_Exercise inputs:_

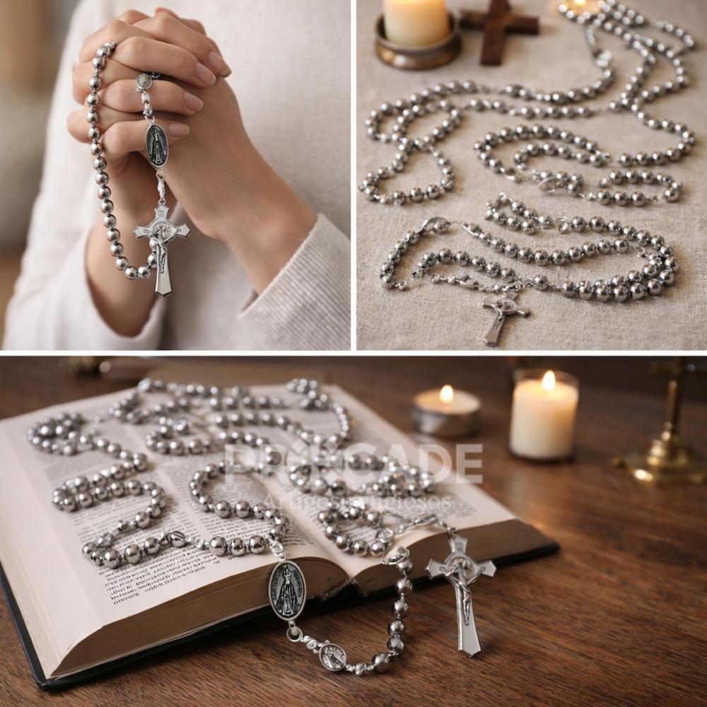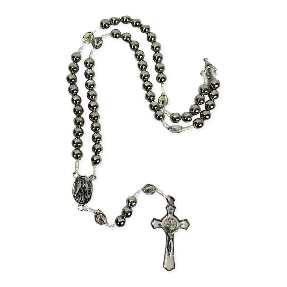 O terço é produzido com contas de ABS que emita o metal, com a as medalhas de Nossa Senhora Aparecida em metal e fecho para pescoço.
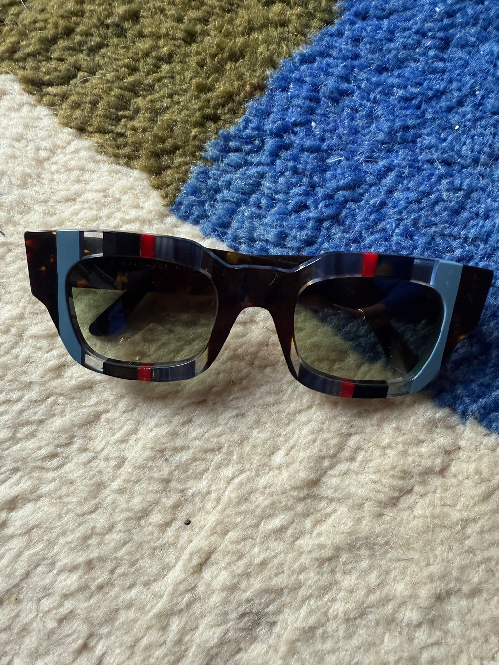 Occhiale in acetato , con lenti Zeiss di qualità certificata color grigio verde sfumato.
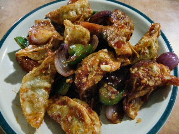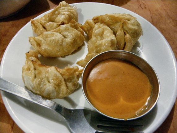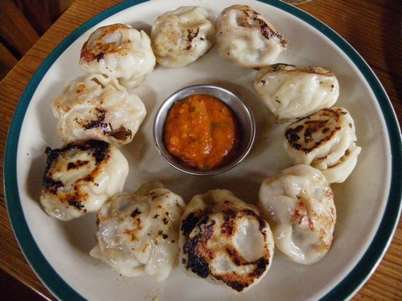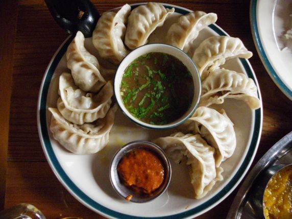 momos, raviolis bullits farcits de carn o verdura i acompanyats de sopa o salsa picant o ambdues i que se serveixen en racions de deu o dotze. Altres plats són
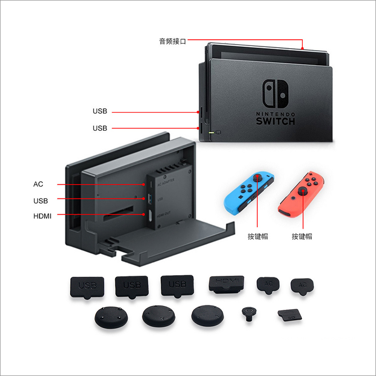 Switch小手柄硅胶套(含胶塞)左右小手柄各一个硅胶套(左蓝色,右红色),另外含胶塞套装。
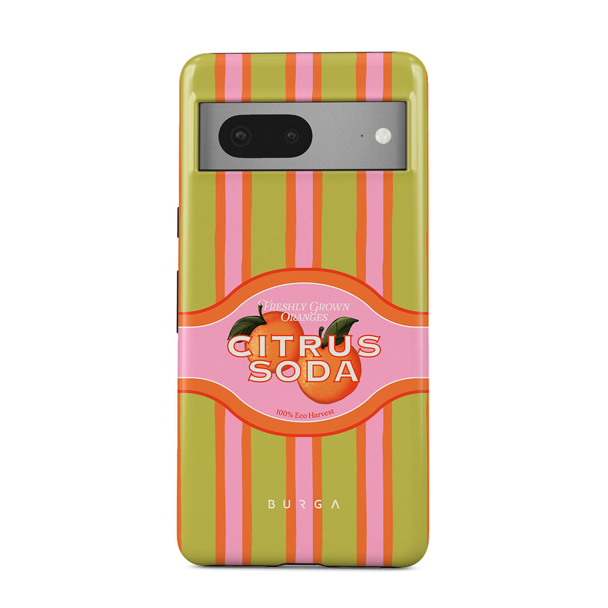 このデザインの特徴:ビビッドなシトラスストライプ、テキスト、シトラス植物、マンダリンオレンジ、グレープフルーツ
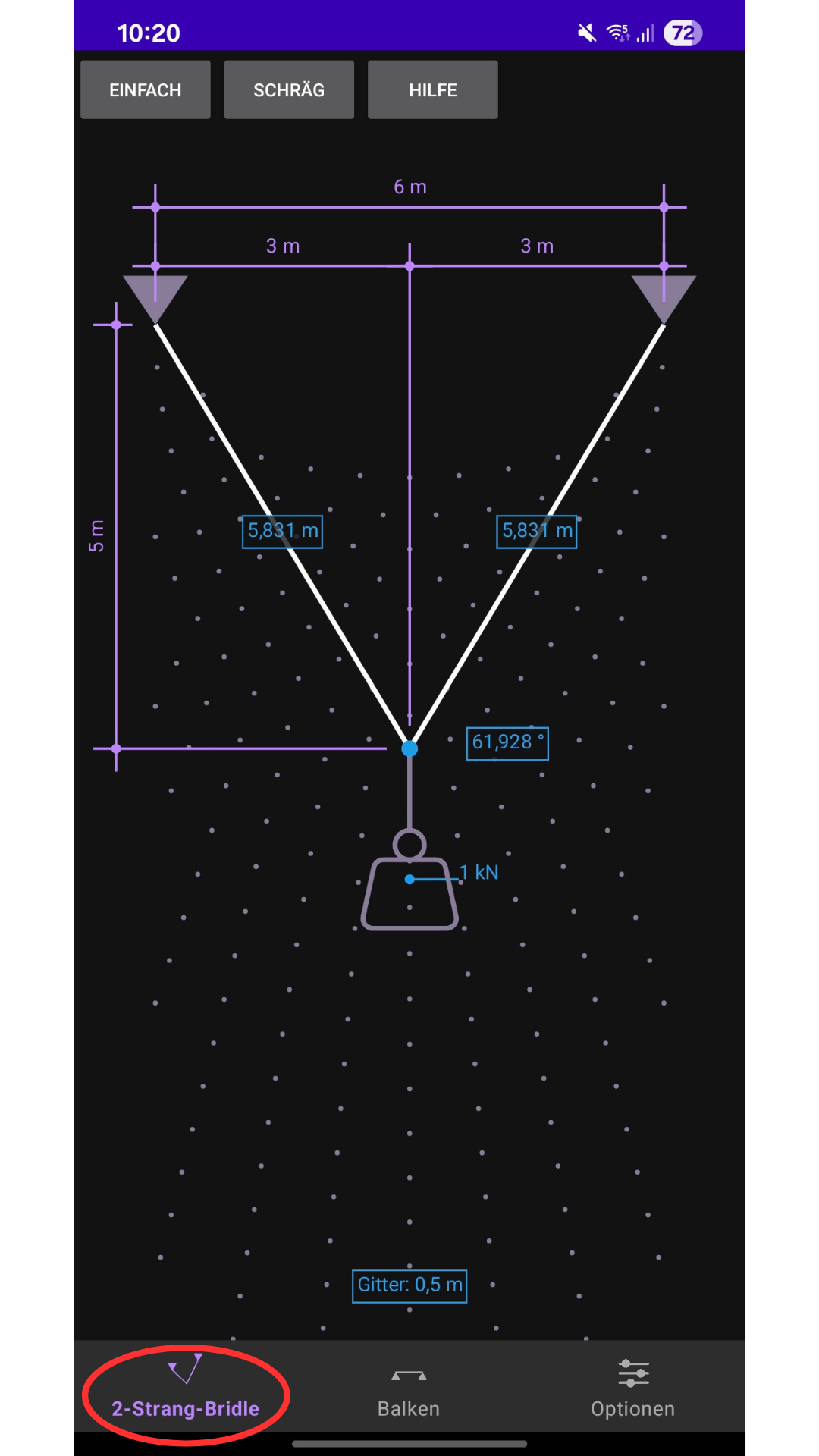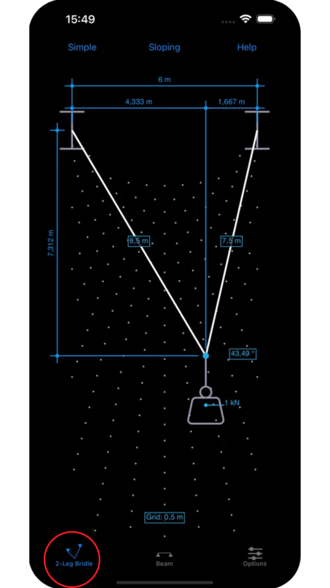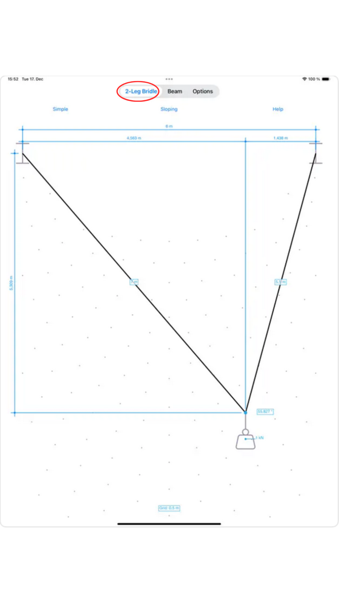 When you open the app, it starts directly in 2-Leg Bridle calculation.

==

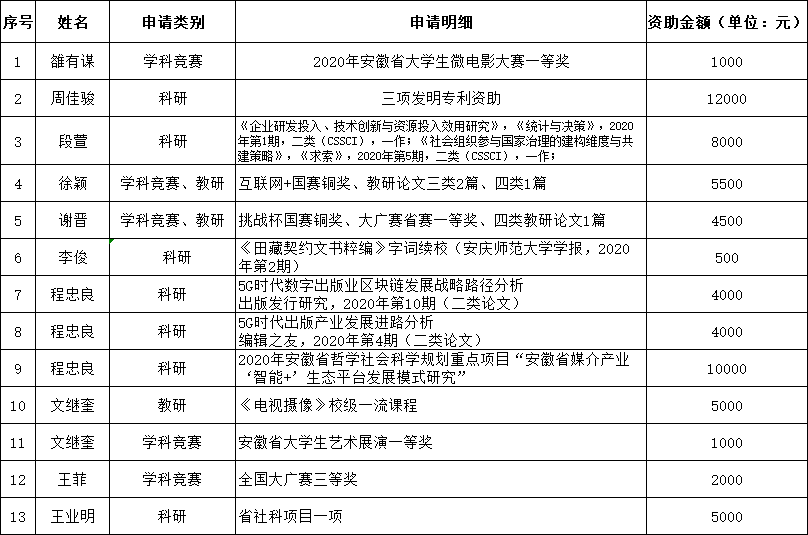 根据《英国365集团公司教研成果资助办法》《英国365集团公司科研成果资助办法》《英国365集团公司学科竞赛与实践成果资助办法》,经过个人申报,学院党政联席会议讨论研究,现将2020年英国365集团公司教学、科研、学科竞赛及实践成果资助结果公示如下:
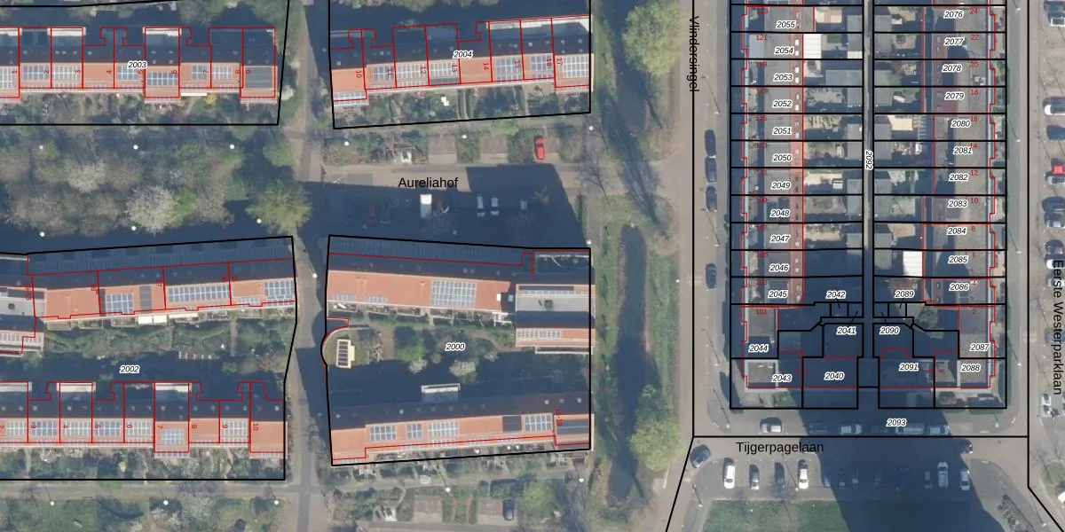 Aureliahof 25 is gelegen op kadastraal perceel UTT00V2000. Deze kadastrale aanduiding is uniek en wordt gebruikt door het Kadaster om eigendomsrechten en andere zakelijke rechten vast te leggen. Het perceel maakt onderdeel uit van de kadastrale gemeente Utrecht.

_Work required:_ Look above for the line with "O terço é produzido" and the line with "When you open". Give again exactly those two lines and all lines between them, pictures excluded.

_Answer below:_
 O terço é produzido com contas de ABS que emita o metal, com a as medalhas de Nossa Senhora Aparecida em metal e fecho para pescoço.
 Occhiale in acetato , con lenti Zeiss di qualità certificata color grigio verde sfumato.
 momos, raviolis bullits farcits de carn o verdura i acompanyats de sopa o salsa picant o ambdues i que se serveixen en racions de deu o dotze. Altres plats són
 Switch小手柄硅胶套(含胶塞)左右小手柄各一个硅胶套(左蓝色,右红色),另外含胶塞套装。
 このデザインの特徴:ビビッドなシトラスストライプ、テキスト、シトラス植物、マンダリンオレンジ、グレープフルーツ
 When you open the app, it starts directly in 2-Leg Bridle calculation.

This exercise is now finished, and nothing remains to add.